Higher white blood cell counts in smokers compared with nonsmokers have been well documented, but the longitudinal relation between changes in smoking and changes in white blood cells has not been well described. Since 1984, data have been collected semiannually by the Multicenter AIDS Cohort Study (MACS), a four-center prospective cohort study of acquired immunodeficiency syndrome (AIDS) in homosexual men. The study population includes 2,435 participants who were human immunodeficiency virus (HIV) seronegative as of September 1994 and who contributed 20,918 person-visits for this analysis. For individuals who modified their smoking behavior, changes in white blood cell counts occurred primarily during the first 8 months following changes in the amount of cigarettes smoked.

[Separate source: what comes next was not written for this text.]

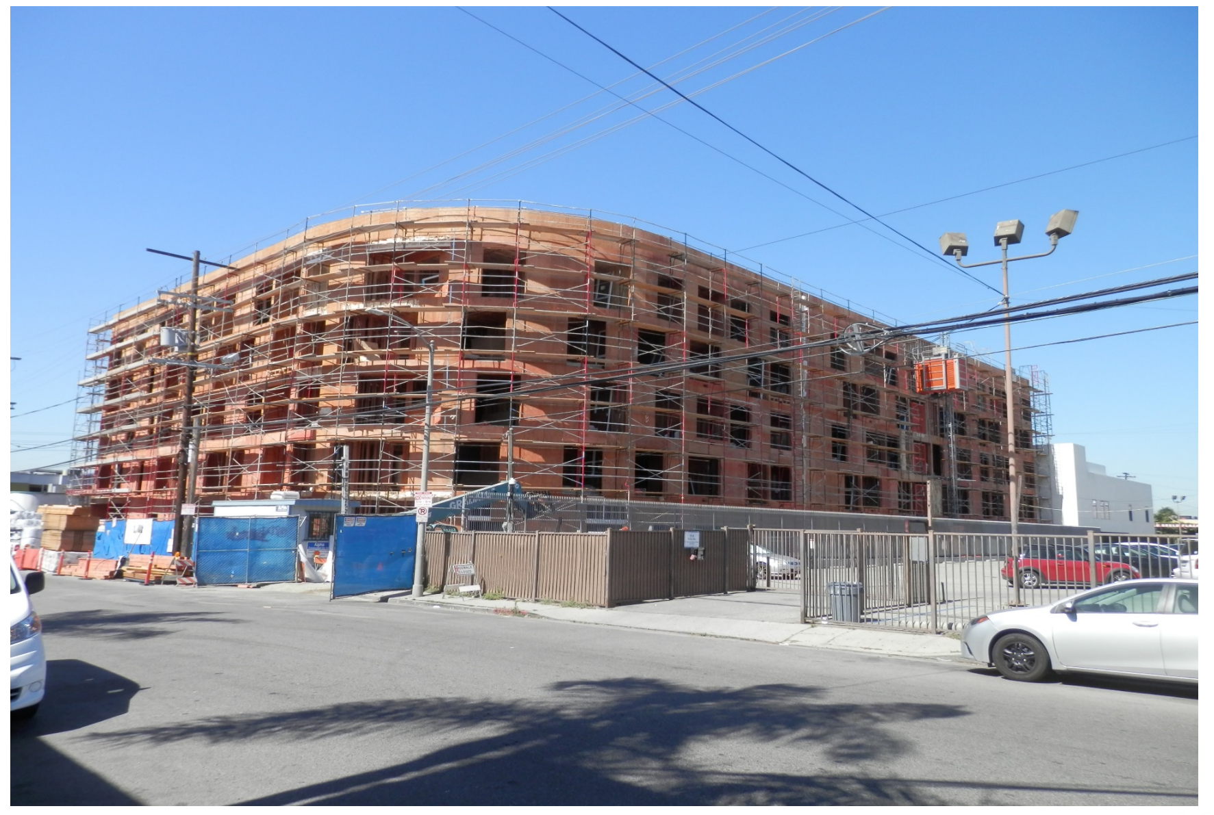
Located at 1127 N. Las Palmas. Street view from front of site on Las Palmas St.

Among former smokers who resumed smoking, the extent of the increase in white blood cell count depended on the number of cigarettes smoked. Specifically, increases of 241, 340, and 740 cells/μliter were observed for smokers who resumed smoking <1, 1 to <2, and ≤2 packs/day, respectively. Conversely, smokers who quit smoking had a decrease of white blood cell count: -32, -629, and -1,122 cells/μliter for men who previously smoked <1, 1 to <2, and ≤2 packs/day, respectively. Long-term ex-smokers, however, still had higher white blood cell counts than did never smokers. There was a high within-individual correlation of white blood cell count in persons who reported a consistent level of smoking (i.e., average correlations between two white blood cell counts 6 years apart were 0.51 for never smokers, 0.48 for ex-smokers, 0.56 for men who smoked <1 pack/day, and 0.43 for men who smoked ≤1 pack/day). These analyses indicate an acute effect of changes in smoking on changes in white blood cell count, a residual effect of having been a smoker, and high long-term tracking for white blood cell count.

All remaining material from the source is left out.